- Intro
- How to run the benchmarks
- Changing default pool size
- The Benchmarks
- Bench Mark Results and details
- Pass 1 multi-thread - standard grails binding baseline
- Pass 2 multi-thread
- Pass 3 multi-thread - copy props
- System specs
- Conclusions
- Batching inserts and updates with hibernate
- References and reading
The application runs large batch inserts (115K records) in different ways. The goal is to decide the optimum way to run large batch inserts with Gorm.
The goal is to have good benchmarks to measure and answer following questions.
- Fastest way to persist/insert large batches using gorm.
- Show advantages of using multi-core.
- Does binding slow it down, why, can it be optimized, best alternative
- Does valiation slow it down, why, can it be optimized
- Does Auditstamp slow it down, can it be optimized
- Does Daos slow it down
- Do custom Id generator slow it down, or improve speed
- does @compileStatic speed things up, where does it matter? does it help to have it on the domains?
- There is a script
run-benchmarks.sh
which will run the benchmarks - Run
./run-benchmarks.sh
- See the script for more details.
By default benchmarks uses default gpars pool size which is (availableProcessors + 1) which can be modified by passing system property gpars.poolsize=xx
Example: java -Dgpars.poolsize=5 -jar grails-gpars-batch-load-benchmark-0.1.war
- GparsBatchInsertBenchmark - Runs the batches in parallel, each batch with the same size as jdbc batch size (50).
- GparsBatchInsertWithoutDaoBenchmark - Same as above, but without using dao for inserting records.
- GparsBatchInsertWithoutValidation - Runs the batches with gpars but with grails domain validation tunred off during save using
domain.save(false)
- GparsThreadPerTransactionBenchmark - Runs the inserts in parallel with one thread per transaction.
- BatchInsertWithDataFlawQueueBenchmark - Runs the batch inserts in parallel using Gprase dataflow operator see
- SimpleBatchInsertBenchmark - Batch inserts but without gpars parallelism.

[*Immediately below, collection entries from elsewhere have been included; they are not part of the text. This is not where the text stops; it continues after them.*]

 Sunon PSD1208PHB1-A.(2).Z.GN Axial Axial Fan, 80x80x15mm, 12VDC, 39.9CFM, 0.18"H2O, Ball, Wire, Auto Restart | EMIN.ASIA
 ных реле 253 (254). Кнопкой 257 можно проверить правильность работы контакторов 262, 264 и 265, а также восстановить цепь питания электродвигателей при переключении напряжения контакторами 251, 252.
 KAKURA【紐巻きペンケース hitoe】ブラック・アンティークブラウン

- CommitEachSaveBenchmark - Insert each record in individual transactions.
- OneBigTransactionBenchmark - Inserts all records within a single big transaction.

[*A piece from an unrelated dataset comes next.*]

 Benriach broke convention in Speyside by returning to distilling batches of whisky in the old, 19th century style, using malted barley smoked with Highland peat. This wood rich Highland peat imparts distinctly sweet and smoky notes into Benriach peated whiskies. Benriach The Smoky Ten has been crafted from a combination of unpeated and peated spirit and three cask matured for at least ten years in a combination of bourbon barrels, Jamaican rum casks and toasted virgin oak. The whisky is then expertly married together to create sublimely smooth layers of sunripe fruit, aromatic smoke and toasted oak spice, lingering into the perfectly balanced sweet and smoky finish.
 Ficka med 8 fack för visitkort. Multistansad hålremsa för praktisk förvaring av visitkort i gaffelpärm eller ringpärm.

- DataFlawQueueWithScrollableQueryBenchmark : same as BatchInsertWithDataFlawQueueBenchmark but the data is being loaded from another table simultanously using scrollable resultset.
Note: All of above benchmarks are run with and without data binding, and you will see the results for both.

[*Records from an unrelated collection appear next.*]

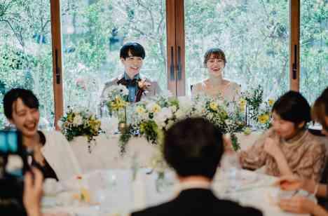 「挙式では、神聖なチャペルでふたりの誓いをしっかりと。その後のパーティはゲストと楽しむ時間にしたい」とお話いただいていたおふたり。パーティはレストラン「エトゥルスキ」をセレクト。大きな窓が特徴的なこの会場は、緑・自然光がおふたりを優しく照らし、写真にも綺麗に映り込む。座ったままでもゲストと会話ができるような距離の近さが魅力的。進行では、各卓ラウンドなどを取り入れ、笑顔溢れる時間を過ごされました。
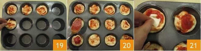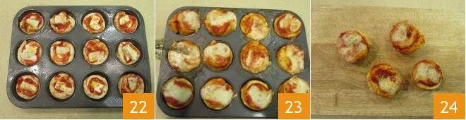Os pizza muffins estão prontos para assar 22: asse em forno estático pré-aquecido a 180°C por 20/25 minutos. Uma vez prontos, retire do forno, espere alguns instantes antes de desenformar e tempere com um pouco de orégano a gosto 23; saboreie os pizza muffins bem quentes 24.
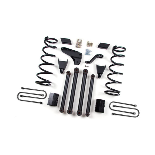 This Zone Offroad 4-link system replaces the weak upper and lower factory control arms with greasable DOM tubular arms. The arms mount in the factory control arm pockets for a completely bolt on easy installation that aligns to factory specs. Zone Offroad has engineered their coil springs for a comfortable ride on both gas and diesel trucks. Optional: black nitrogen gas charges shock for that performance handling feel are available from drop down menu. To correct the steering geometry and keep your axle centered, the kit includes a dropped pitman arm and 1/4″ thick fabricated track bar bracket that you will not be disappointed with! The kit also includes sway bar drop brackets and if you get serious, taller bump stops. The rear is lifted with 3″ blocks to give your truck a more level stance and make for a quick installation.
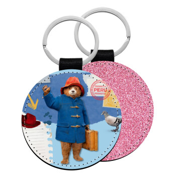 Αρκουδάκι Πάντινγκτον, Μπρελόκ Δερματίνη, στρογγυλό ΡΟΖ (5cm)

- 115k CSV records on a MacBook pro 2.5 GHz Intel Core i7. 2048 mb ram was given to the VM and these were run using
java -jar grails-gpars-batch-load-benchmark-0.1.war
- All of these have jdbc.batch_size = 50 and use the principals from #2 above and flush/clear every 50 rows
- The winner seems to be gpars and batched (smaller chunks) transactions
Results with Gparse pool size 8
All records in single transaction | Commit each record | Batched Transaction - Without Gpars | Batched Transactions - With Gpars | Gpars single transaction per thread | |
---|---|---|---|---|---|
With data binding | 40.807 | 81.521 | 43.569 | 12.32 | 22.372 |
Results for Gparse batched with different pool sizes
Pool size | 2 threads | 3 threads | 4 threads | 5 threads | 6 threads | 7 threads | 8 threads | 9 threads | 10 threads | 11 threads | 12 threads |
---|---|---|---|---|---|---|---|---|---|---|---|
With data binding | 24.522 | 22.473 | 16.063 | 17.363 | 16.698 | 14.53 | 12.32 | 12.012 | 12.145 | 14.785 | 14.081 |
Without data binding | 12.302 | 12.593 | 9.52 | 8.586 | 8.509 | 7.46 | 6.842 | 6.27 | 6.696 | 6.896 | 7.074 |
No validation | 15.335 | 17.588 | 9.906 | 10.3 | 10.724 | 9.489 | 7.993 | 8.112 | 8.203 | 9.069 | 9.032 |
No validation & No data binding | 10.619 | 9.311 | 7.088 | 7.59 | 7.997 | 8.088 | 6.558 | 5.896 | 5.683 | 6.223 | 6.594 |
Gpars Benchs | time |
---|---|
with databinding | 12.32 |
no binding | 6.842 |
No autowire | 12.969 |
no validation | 7.993 |
no binding, no autowire, no validation | 6.221 |
grails date stamp fields | 14.726 |
audit-trail stamp fields (user and dates) | 21.728 |
no dao | 10.603 |
DataflowQueue (CED Way) | 12.356 |
Custom IdGenerator | 12.532 |
- Running Benchmarks, loading 372300 records each run
Warm up cycle ********
# Gpars - standard grails binding with baseline
- Grails Basic Baseline to measure against
26.866s for GparsBaselineBenchmark<CityBaseline> [ bindingMethod: grails ]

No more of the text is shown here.